I can't explain why we'd be more likely to run out of stack space on older versions of macOS, though.
Comment 32•5 years ago
|
||
I just looked at the assembly code for std::__1::__sift_up<T> (in today's mozilla-central nightly), and the only external method it calls directly is free().
Could this be a jemalloc bug? Does jemalloc behave differently on macOS versions older than 10.12?
Comment 33•5 years ago
|
||
assembly code for std::__1::__sift_up<T>
Its implementation for TimerThread::Entry.
Comment 34•5 years ago
|
||
Actually, I'm not sure the Mozilla codebase is still using jemalloc:
Comment 35•5 years ago
•
|
||
(In reply to Steven Michaud [:smichaud] (Retired) from comment #34)
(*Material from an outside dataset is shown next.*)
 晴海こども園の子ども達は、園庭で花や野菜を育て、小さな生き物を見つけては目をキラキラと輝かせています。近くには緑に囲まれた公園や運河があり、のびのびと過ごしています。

Actually, I'm not sure the Mozilla codebase is still using jemalloc:
We're using jemalloc 3.
Comment 36•5 years ago
•
|
||
Well, I guess more that we use "mozjemalloc", which is a fork of jemalloc 3.
Comment 37•5 years ago
|
||
I just looked at the assembly code for std::__1::__sift_up<T> (in today's mozilla-central nightly), and the only external method it calls directly is free().
Likewise for std::__1::__pop_heap<T>
Comment 38•5 years ago
|
||
Testing with a recent mozilla-central nightly on macOS 10.15.6 and OS X 10.10.5 (and a HookCase hook library that hooks free(), std::__1::__sift_up<T> and std::__1::__pop_heap<T>), it appears that free() is never called from either of those TimerThread::Entry template methods in XUL, at least during ordinary circumstances. That's probably as it should be.
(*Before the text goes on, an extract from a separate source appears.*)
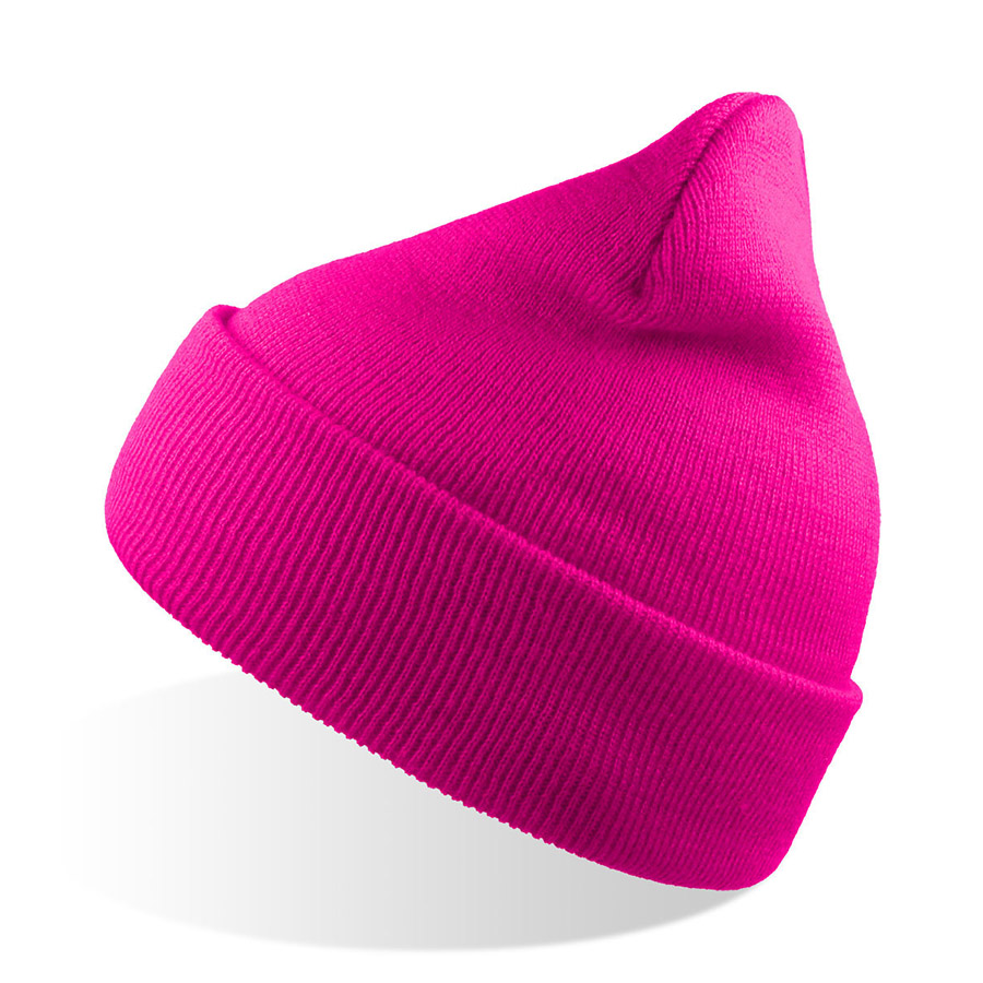 Шапка вязаная двойная WIND с отворотом, неоновый розовый

I wonder about non-ordinary circumstances, but I haven't yet figured out how to test for them.
| Reporter | ||
Comment 39•5 years ago
|
||
(In reply to Steven Michaud [:smichaud] (Retired) from comment #38)
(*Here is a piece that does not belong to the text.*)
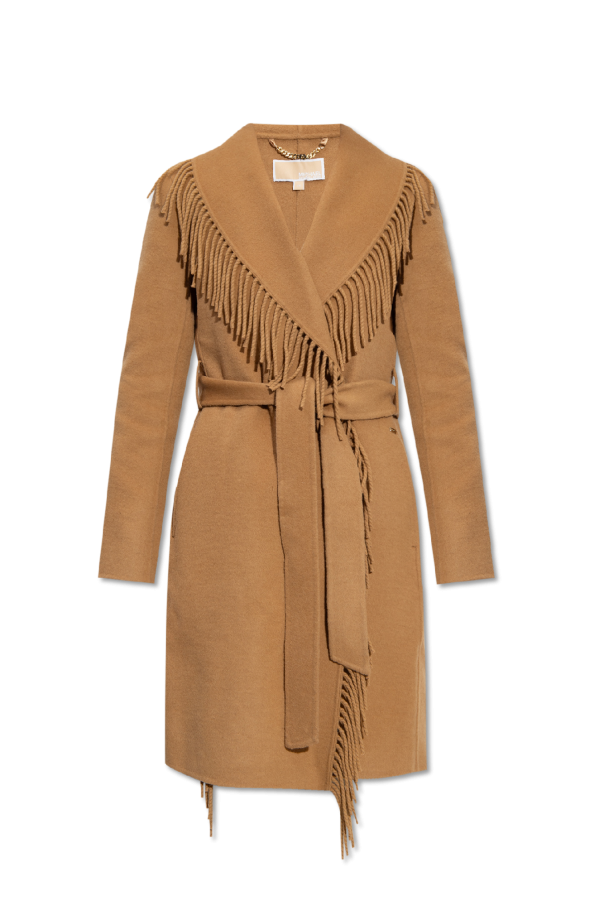 Brown coat from Michael Michael Kors. Cinched with a belt at the waist, this style features a button closure, fringe detailing, two slip pockets and long sleeves.

Testing with a recent mozilla-central nightly on macOS 10.15.6 and OS X 10.10.5 (and a HookCase hook library that hooks free(), std::__1::__sift_up<T> and std::__1::__pop_heap<T>), it appears that free() is never called from either of those TimerThread::Entry template methods in XUL, at least during ordinary circumstances. That's probably as it should be.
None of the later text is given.